Darmstadt

Mit Herz und Bauchgefühl

Hawdala beim Darmstädter Schabbaton Foto: Rafael Herlich

Aus den sozialen Netzwerken sind sie nicht mehr wegzudenken. Influencer erreichen viele und zumeist junge Menschen. Ihren Einfluss nutzen sie zur Selbstdarstellung, manchmal aber auch, wie etwa der YouTuber Rezo, für politische Statements. Oft verbreiten sie bezahlte Werbebotschaften. Der Darmstädter Schabbaton widmete sich in diesem Jahr jüdischen Influencern.

Das von der Jüdischen Gemeinde Darmstadt in Kooperation mit dem Verband Jüdischer Studierender in Hessen und dem »Achtzehnplus«-Programm der Zentralwohlfahrtsstelle der Juden in Deutschland (ZWST) ausgerichtete Format fand zum zweiten Mal statt.
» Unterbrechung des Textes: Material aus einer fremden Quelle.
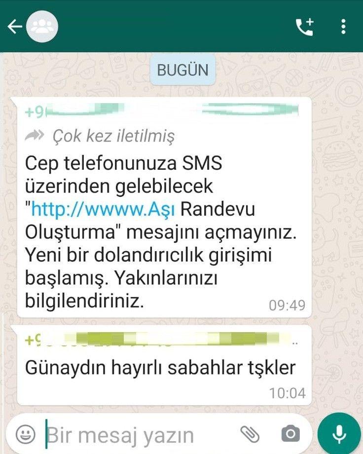 Korona virüs aşısını bile kötü emelleri için kullanan dolandırıcılar vatandaşları bu sefer de SMS atarak tuzağa düşürmeye çalışırken, vatandaşlar da sosyal medya hesaplarından birbirlerine uyarılarda bulunmaya devam ediyor. Sosyal medya üzerinde özellikle 65 yaş üstü vatandaşların dikkat edilmesi konusunda yapılan uyarılarda "Cep telefonunuza SMS üzerinden gelebilecek 'http://wwww.Aşı Randevu Oluşturma' mesajını birlikte gelen linki açmayınız. Yeni bir dolandırıcılık girişimi başlamış. Yakınlarınızı bilgilendiriniz" ifadelerine yer veriliyor.
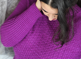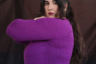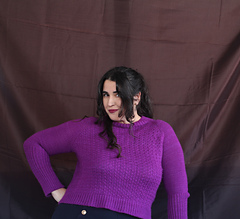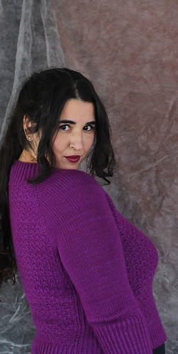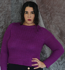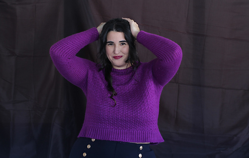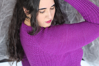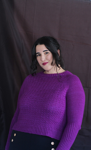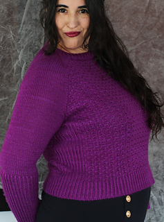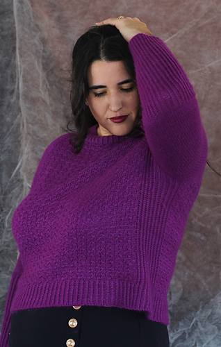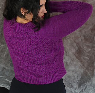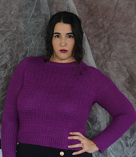 Es un jersey con aumentos ranglán, tiene una textura con cruces muy sencillos, no es necesario usar agujas auxiliares, pero explicaré ambos métodos, con y sin aguja auxiliar. El jersey tiene dos versiones, una para mujer, con dos tipos de copa de pecho y otra versión para hombre. La versión de hombre no tiene textura en la espalda y no tiene elástico en los laterales.
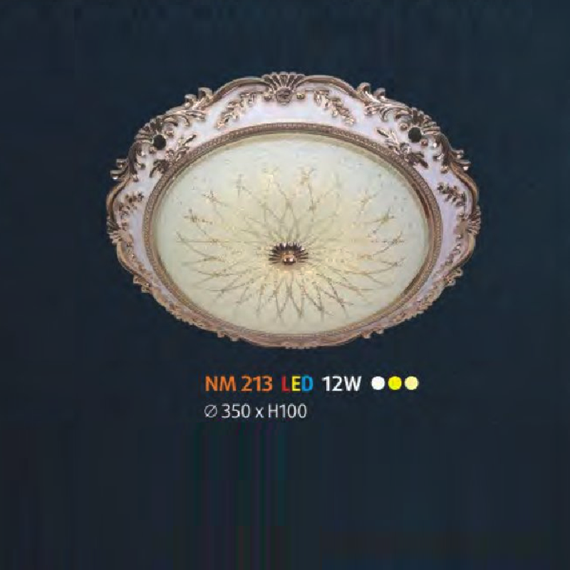 NM 213 LED: Đèn ốp trần LED chao thủy tinh - KT: Ø350mm x H100mm - Đèn LED 12W đổi 3 màu

»Jüdische Jugendliche und junge Erwachsene kommen an einem Ort zusammen, feiern gemeinsam in einer vollen Synagoge den Schabbat, verbringen Zeit miteinander, lernen bei Workshops und feiern zusammen eine große jüdische Party im Anschluss an den Schabbat«, beschreibt Organisator Alexander Stoler das vielfältige Programm.

Teilnehmer Rund 80 Teilnehmer im Alter von 18 bis 35 Jahren aus Deutschland, Österreich und der Schweiz kamen am vergangenen Wochenende nach Darmstadt. Am Freitagabend begann der Schabbaton mit einem gemeinsamen Kabbalat Schabbat in der Synagoge. Im Anschluss an Kiddusch und Abendessen stand Gemeinderabbiner Jehoschua Ahrens den Teilnehmern Rede und Antwort.
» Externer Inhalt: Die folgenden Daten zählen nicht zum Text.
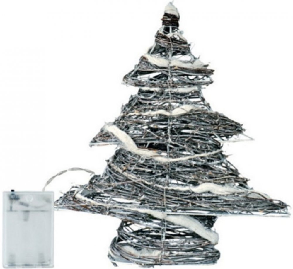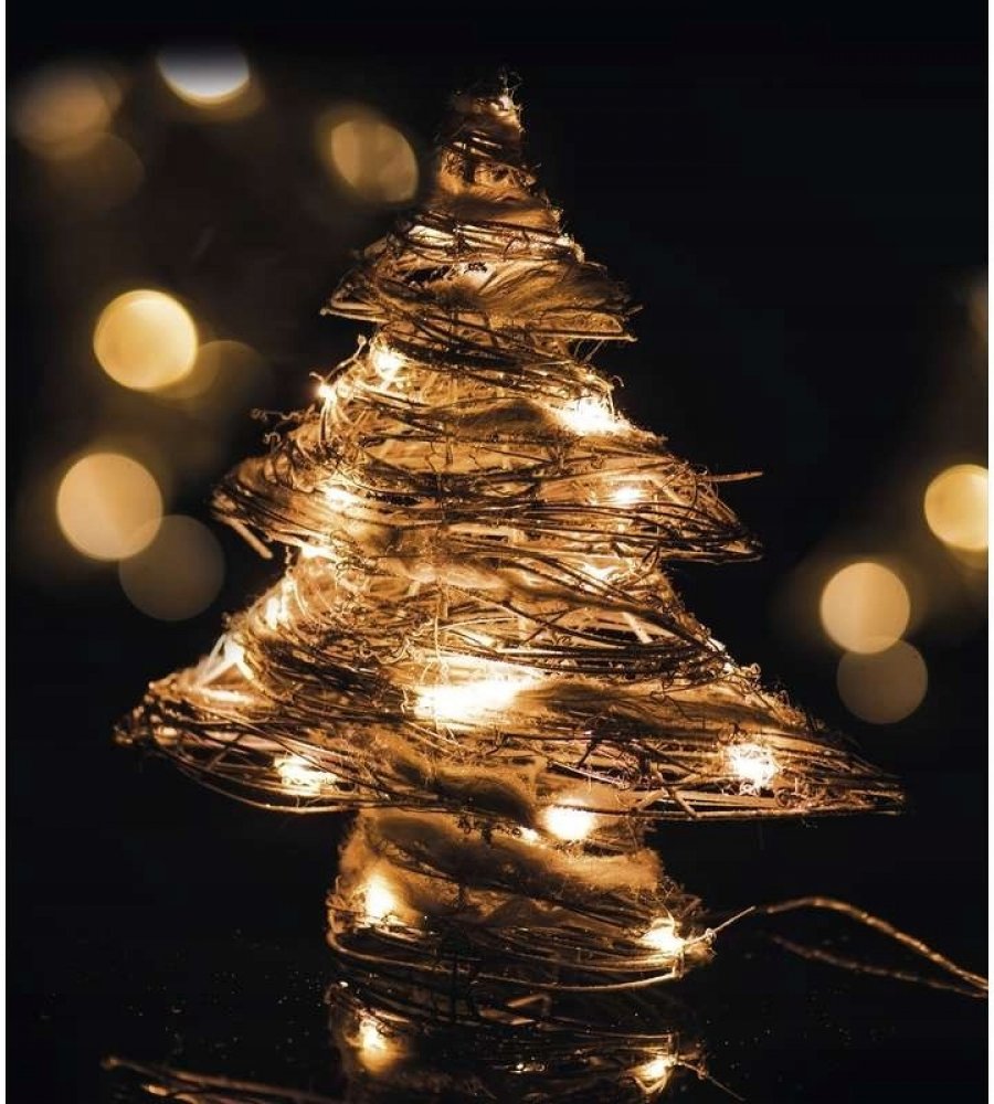 Dekorativní vánoční stromeček z ratanu disponuje 30 LED diodami, které svítí teplou bílou barvou. Délka přívodního kabelu je 30 cm. Řetěz je napájen pomocí 3xAA baterií ( baterie nejsou součástí balení).
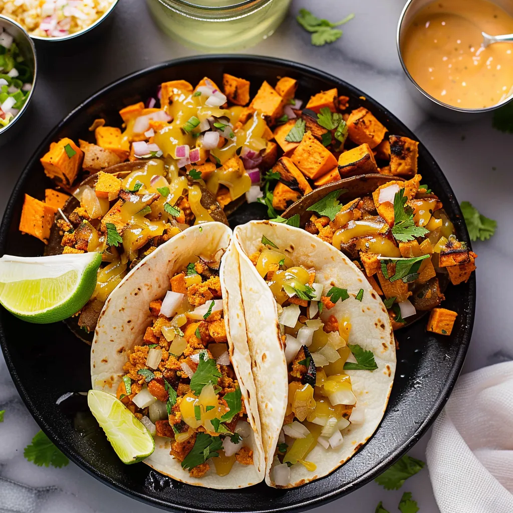 Imagine taking that first bite of a warm taco enveloped in a corn tortilla, only to have the creamy sweet potato filling mingle with the spices and toppings in perfect harmony. The experience is akin to wrapping yourself in a cozy blanket on a rainy day—a comforting hug for your taste buds! The sweet potatoes are mildly sweet yet savory, while cumin and coriander provide a warm, earthy undertone. And don’t get me started on the tangy lime yogurt drizzled on top! Each component plays off the other, giving you flavor explosions that dance on your palate, making you reach for just one more.
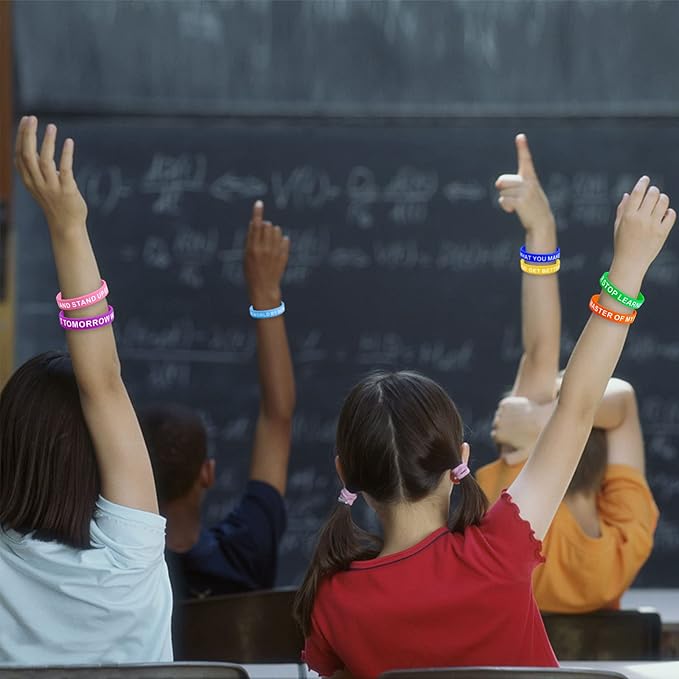 QEERBSIN Motivational Quote Bracelets- 20 Pcs Silicone Bracelets bulk Inspirational Wristbands-Stretch Unisex Wristbands for Student Graduation Gift from Teacher for Kids Children
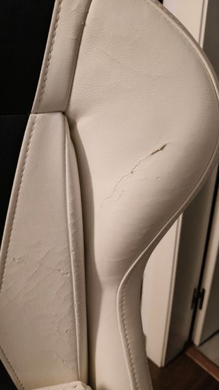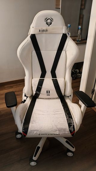 Silla de gaming Diablo color blanco y negro IMPORTANTE ESTADO PRODUCTO: MIRAR TODAS LAS FOTOS DEL ANUNCIO (silla muy pelada, puede perder algún trocito de piel sintética, muy usada). No se hacen envíos, recogida en mi portería
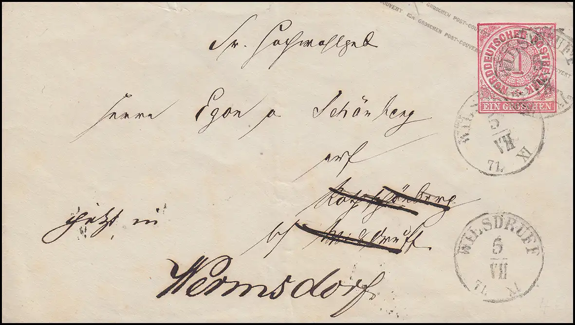Confédération allemande du Nord Couverture U 1 de WILSDRUFF 5.7.71 vers l'édition 6.7 de Vermsdorf.
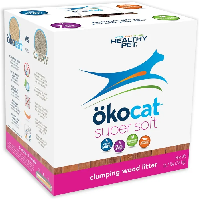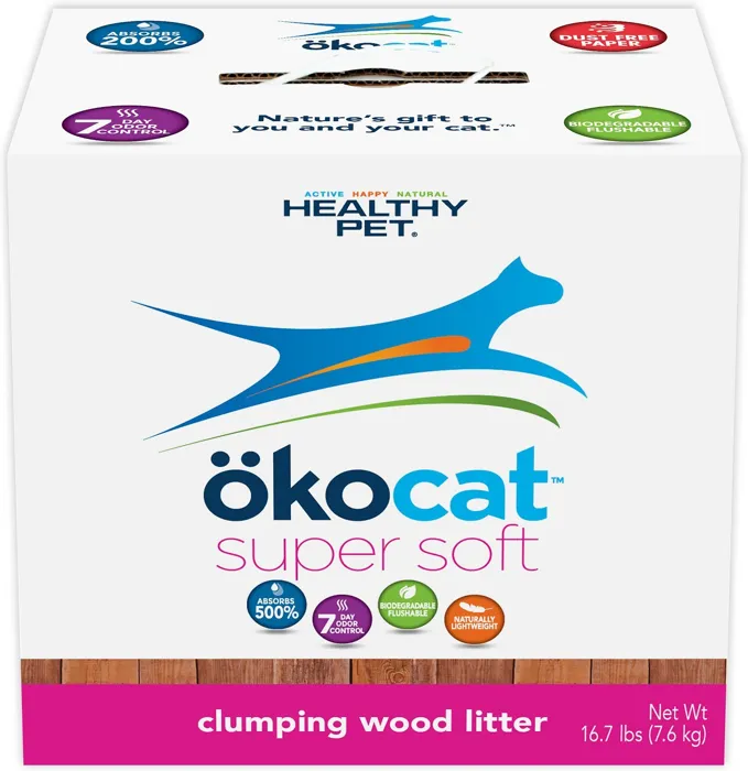 Cats can now go au natural with their cat litter. Okocat Super Soft Clumping Wood Cat Litter is made of 100% reclaimed fibers that are free from chemicals, dyes, and other synthetics for a naturally healthier environment. The Super Soft formula contains extra lightweight, fine wood granules that are soft on catsโ paws like traditional clay litters for an easier transition when switching to natural. Ideal for declawed cats, seniors, and kittens with sensitive paws, this high performance litter has been lab-tested and proven to absorb more than five times its weight in liquid and control odor for seven days.

»Am Israel Chai«-Gesänge hallten am Samstagmittag durch den Gemeindesaal. Eine kommunikative, gemeinschaftliche Atmosphäre hatte sich unter den Teilnehmern entwickelt. Unter dem Motto »Do you speak influence« erwartete sie ein dichtes Nachmittagsprogramm.
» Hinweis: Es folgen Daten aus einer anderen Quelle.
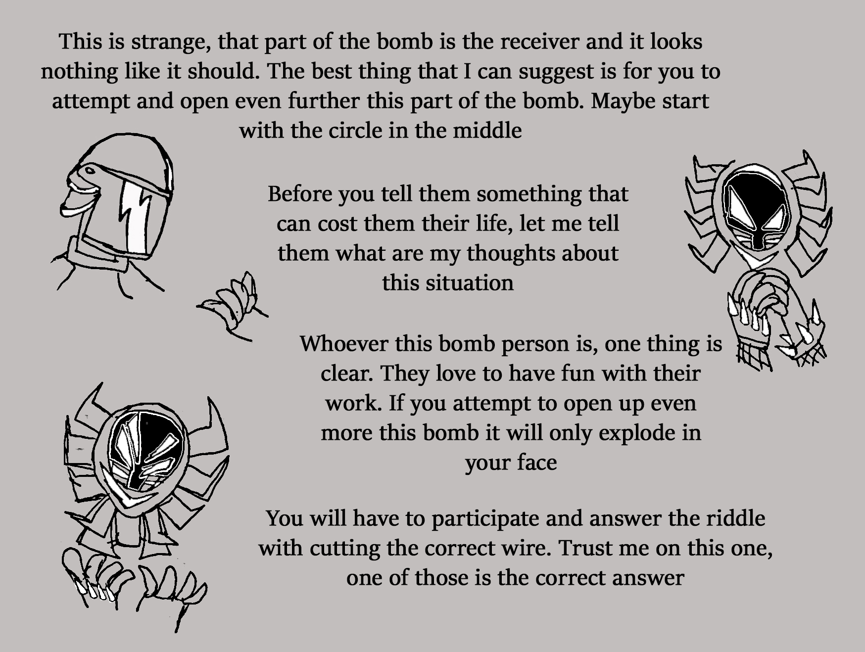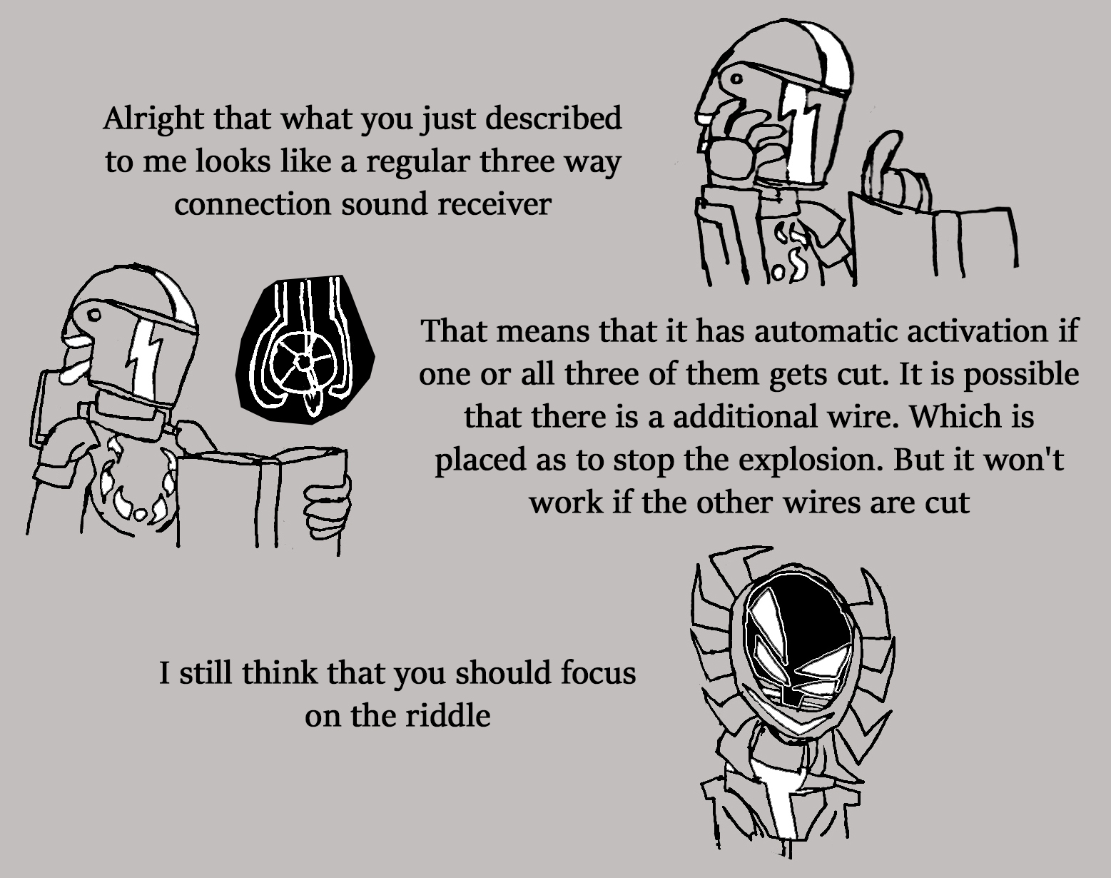 True. Right now, I'm leaning towards cutting the red wire since it is the only wire that is actually connecting inside the receiver, as well as it being the most likely answer to the riddle. You want to go for it and cut that wire as well?

Viktor Dryndak kann inzwischen von seinem Einkommen als Werbebotschafter leben.

In der Synagoge sprach zunächst Viktor Dryndak über seinen Weg zum Influencer. Er wurde in der Ukraine geboren und kam im Alter von elf Jahren nach Deutschland. »Ich war schon immer sportlich«, sagt der durchtrainiert wirkende 29-Jährige. Dryndak spielte Fußball beim TuS Makkabi Frankfurt. Nach zwei Kreuzbandrissen habe er beschlossen, auf Fitnesstraining umzusteigen, erzählt Dryndak.

Vor sechs Jahren begann er, seine Trainingserfolge auf Instagram zu dokumentieren. Inzwischen folgen 146.000 Abonnenten Dryndaks Account. Das ermöglicht ihm, sein Geld teilweise als Werbebotschafter zu verdienen. Im Fitnessstudio Selfies zu machen, sei sein Beruf, scherzt Dryndak.

Der Frage eines Teilnehmers, ob er seine Position für Wohltätigkeit oder politische Botschaften gegen Antisemitismus nutze, wich der Influencer aus: »Bisher noch gar nicht.« Mit antisemitischer Diskriminierung habe er bisher keine Erfahrungen gemacht. Die Frage nach seinen Visionen beantwortete er mit dem Satz: »Persönlich ist für mich Fitness die Nummer eins.«

CHerut Einen politischen Akzent setzte im Anschluss der Londoner Aktivist Harry Saul Markham. Der 19-Jährige leitet die britische Sektion der zionistischen Organisation »Cherut«. Deren Arbeit fuße auf drei Grundsätzen, sagt Markham. Zum einen müsse man sich nicht dafür entschuldigen, Teil der zionistischen Bewegung zu sein.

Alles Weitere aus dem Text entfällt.